I Can’t Not Do It: Storytelling, Grief and Identity
We welcome Professor Gayle Letherby, a pioneering sociologist whose deeply personal and academic work has transformed how we think about childlessness, grief, identity, and storytelling. Gayle reflects on her journey, beginning with a miscarriage in the 1980s that altered her life trajectory and became the foundation of a groundbreaking academic career. Her research into involuntary childlessness, pregnancy loss, and the status of parenthood spans decades and she’s still going strong
About Professor Gayle Letherby
Having worked as a nursery nurse prior to the miscarriage (in the early 1980s) of my, to my knowledge, one and only pregnancy, one and only baby, I gave up my job and listlessly, sometimes desperately, wandered through my own life feeling that I had no purpose and no future. Finding Sociology saved me with an A Level at a local FE college being followed by an undergraduate degree, a PhD and 30+ years of teaching, researching, writing and mentoring. The significance of mother or not has always been part of my academic labour and I have undertaken research and written much on the experience of those who do and those who do not mother (and father) and the implications and impact of this. My PhD was specifically concerned with the identity and experience of ‘infertility’ and ‘involuntary childlessness’ (which I write in quotation marks to highlight problems with definition). I interviewed and corresponded with more than 80 individuals, mostly women but some men too, and when writing up my thesis included some of my own experience in the text.
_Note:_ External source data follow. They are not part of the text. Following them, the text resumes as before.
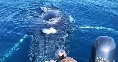 وثقت عدسات الكاميرات مشهد حوت أحدب وهو يقترب من قارب لتحية امرأة، والتى كانت مصدومة بينما ظهر الحوت وهو يسبح مباشرة قبل أن يرسل رذاذًا ضخمًا من أنفه، وتم تصوير اللقطات الاستثنائية على طول مضيق ساندى العظيم على ساحل فريز، فى كوينزلاند الأسترالية، والتقطت صور الحوت وهو يسبح مباشرة بالقرب من القارب ويتدحرج في الماء وينفخه، وفقًا لصحيفة ديلى ميل البريطانية.
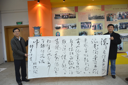 赵艳林书记(左)与赵君副书记(右)展示作品《临江仙·廿一史弹词(说秦汉)》
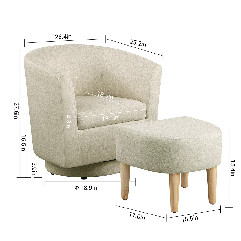 Modern Accent Swivel Armchair Fabric Single Sofa w/Ottoman Chair for Living Room Features: Comfortable Stylish Modern Swivel Accent Chairs with Ottoman: DAZONE modern comfy accent swivel chair with tub barrel style backrest makes you relieve your tiredness, makes a perfect addition to your living room, bedroom, den, recreation area, guestroom, waiting room small spaces apartment, office or studio. Sturdy Barrel Chair with Ottoman: This DAZONE accent chair for living room make of solid wood legs, soft sponge and sturdy wooden frame to ensure durability and stability of this reading chair The heavy duty 360-degree swivel base features Made of high-quality iron with steel beads accent base detail & allows great flexibility in the home. Upholstered accent swivel chair for bedroom: Ergonomically designed soft armrest, comfortable and breathable sherpa fabric of this DAZONE accent sitting chair to enjoy your comfy modern club chair style in your space and adds a touch of beauty to your home Easy to Install Living Room Chairs: It is esy to set up this small comfy corner chair within minutes. Simple assembly is required. Only need to screw the solid wood legs to DAZONE arm chair with bare hands and done Size & Load Capacity of this sherpa Chair and Ottoman Set: 26.4"(L)"*25.2"(W)*27.6"(H) ; ottoman:18.5"(L)*17"(W)*15.4"(H) ; Iron Plate Size:7.87"(L)"*7.87"(W)*0.79"(H), and weight capacity: 330 lbs. Please note it. Specification: Color: Beige Leg Material: Solid Wood Frame Material: Solid Wood Style: Curved Back Barrel Swivel Chair with Ottoman Chair with Ottoman Material: Iron + Wood + Sherpa fabric +Sponge Assembly Required: Yes(only Ottoman leg) Seat Depth:19.1" Seat Height:18" Weight: 46 lbs Curved Backrest Chair: 26.4"(L)"*25.2"(W)*27.6"(H) Ottoman: 18.5"(L)*17"(W)*15.4"(H) Iron Plate Size: 7.87"(L)"*7.87"(W)*0.79"(H) Weight capacity:330lbs Package Included 1* Swivel Accent Chair with Ottoman Set Contact us: Payment: Shipping: Warranty Return Contact us: We have always been trying to provide the best service and reliable products for every customer, however, accident may happen sometimes, please contact us to resolve any issue before leaving a negative feedback. Payment: 1. All payments must be prepaid before shipping. 2. We only accept payment via PayPal. Please kindly check if you can do the payment via PayPal before placing an order. Shipping: 1. Item will be shipped same business day if paid 4 pm EST 1 pm PDT (except weekends and holidays) and shipped from US. 2. Orders from the United States will all be shipped out via starnding shipping or economy shipping. The shipment usually takes 3-7 business days(Saturday and Sunday excluded), if you need the item urgently, please contact us for detail before purchase. Orders from overseas will be shipped via DHL Express, 3-5 business days. 3. Local pick up is not available. Warranty . The warranty shall not apply to the following circumstances: a) Damage caused by undue wear&tear, misuse, improper installation or operation, neglect, accidents. b) Damage caused by natural disasters, flood, fire, lightning or pollution. c) If item was opened, any parts removed or repaired by any unauthorized person. Return (1).We stand behind our items and offer 60 days warranty. All items are in brand new condition unless specified otherwise elsewhere in the description. (2).All returns - defective or otherwise - have to be preauthorized. Please contact us to get an authorization and returning address before sending the item back.If an item is returned because of an undeliverable shipping address, buyer agrees to pay the cost for re-shipment. (3).Please note that If the return/replacement is not a result of our mistake (not defective or wrong item), the buyer is responsible for return shipping, as well as a 20 percent restocking fee. (4).Replacement or refund will be made upon receipt of the returned item. If you do not want to wait for the replacement, you can just reorder one and then send the first one back for a refund.

Alongside other academic work I have also conducted a number of auto/biographical research projects on reproductive loss and on pregnancy and early motherhood (parenthood). Fifteen years ago I began to also write fiction and memoir, for both academic and lay audiences. My personal experience and my research interests are often the stimulus for the fiction I write and my significant others regularly appear in my memoir pieces. This includes my baby, the child who died months before her or his expected birth date, and also my mother, Dorothy, and father, Ron, and my husband John (all deceased). I find this writing both cathartic and energising. My own, and others’, experience of Covid-19 and of ‘growing older’ has led me to reflect on, not least, the differences between solitude and loneliness and the experience of growing older as a childless not by choice individual. In addition to my academic writings I publish some of my work on the open site ABCtales.com writing as gletherby.